▶ [Assignment]
Whenever a picture appears in the listing below, leave it out, and copy exactly the lines from the one containing "Penyambutan kedatangan presiden" through the end.

▶ [Data]
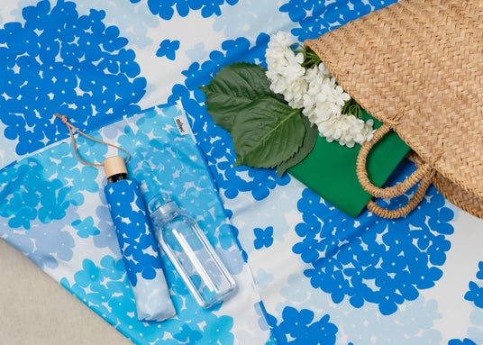 第2弾となる「Reverse AJISAI & HIMAWARI」はアジサイとヒマワリをモチーフとした華やかな柄です。アイテムは晴雨兼用長傘19,800円(税込)、mini(折りたたみ傘)19,030円(税込)、マルチクロス4,950円(税込)の3種類でいずれも耐久撥水加工と紫外線防止加工が施されています。
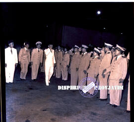 Penyambutan kedatangan presiden soekarno di lapangan terbang Morokrembangan dalam rangka menghadiri Rapat Akbar Masyumi, para perwira kepolisian sedang menyambut kedatangannya, 26 s.d 27-12 – 1954
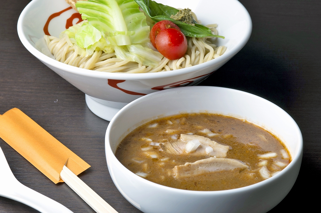 エビ好きのつけ麺派にはこちらがおすすめ。同じく海老のうま味を堪能しながら、ほんのり甘く、苦みもほどよいアクセントのバジル味噌のつけ汁が食欲をそそる「海老つけ麺 濃厚ストレート」。こちらも鶏白湯のあわせスープのオーダーが可能。麺の風味・エビのうま味・味噌&バジルのうま味のバランスがとれた一杯です。

▶ [Answer section]
 Penyambutan kedatangan presiden soekarno di lapangan terbang Morokrembangan dalam rangka menghadiri Rapat Akbar Masyumi, para perwira kepolisian sedang menyambut kedatangannya, 26 s.d 27-12 – 1954
 エビ好きのつけ麺派にはこちらがおすすめ。同じく海老のうま味を堪能しながら、ほんのり甘く、苦みもほどよいアクセントのバジル味噌のつけ汁が食欲をそそる「海老つけ麺 濃厚ストレート」。こちらも鶏白湯のあわせスープのオーダーが可能。麺の風味・エビのうま味・味噌&バジルのうま味のバランスがとれた一杯です。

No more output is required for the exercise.